* Work to complete
Transcribe the listing exactly as written. Leave the images out.

* Given data
*-*-*
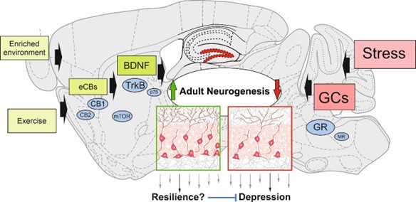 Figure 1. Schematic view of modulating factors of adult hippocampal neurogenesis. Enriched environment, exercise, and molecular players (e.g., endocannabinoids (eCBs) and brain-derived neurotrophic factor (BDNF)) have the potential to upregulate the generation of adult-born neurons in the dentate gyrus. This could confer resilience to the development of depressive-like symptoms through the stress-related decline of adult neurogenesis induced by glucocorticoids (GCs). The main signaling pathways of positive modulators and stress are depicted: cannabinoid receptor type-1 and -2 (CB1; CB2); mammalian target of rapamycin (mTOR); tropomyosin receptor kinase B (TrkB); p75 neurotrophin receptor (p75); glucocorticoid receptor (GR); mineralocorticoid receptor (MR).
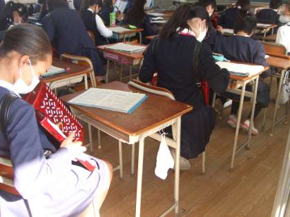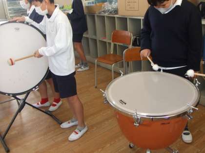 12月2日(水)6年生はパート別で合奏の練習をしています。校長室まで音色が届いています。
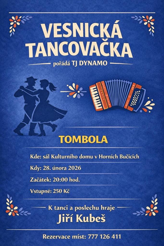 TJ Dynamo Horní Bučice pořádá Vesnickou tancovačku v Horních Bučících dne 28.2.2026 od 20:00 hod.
*-*-*
* Solution for this problem
 Figure 1. Schematic view of modulating factors of adult hippocampal neurogenesis. Enriched environment, exercise, and molecular players (e.g., endocannabinoids (eCBs) and brain-derived neurotrophic factor (BDNF)) have the potential to upregulate the generation of adult-born neurons in the dentate gyrus. This could confer resilience to the development of depressive-like symptoms through the stress-related decline of adult neurogenesis induced by glucocorticoids (GCs). The main signaling pathways of positive modulators and stress are depicted: cannabinoid receptor type-1 and -2 (CB1; CB2); mammalian target of rapamycin (mTOR); tropomyosin receptor kinase B (TrkB); p75 neurotrophin receptor (p75); glucocorticoid receptor (GR); mineralocorticoid receptor (MR).
 12月2日(水)6年生はパート別で合奏の練習をしています。校長室まで音色が届いています。
 TJ Dynamo Horní Bučice pořádá Vesnickou tancovačku v Horních Bučících dne 28.2.2026 od 20:00 hod.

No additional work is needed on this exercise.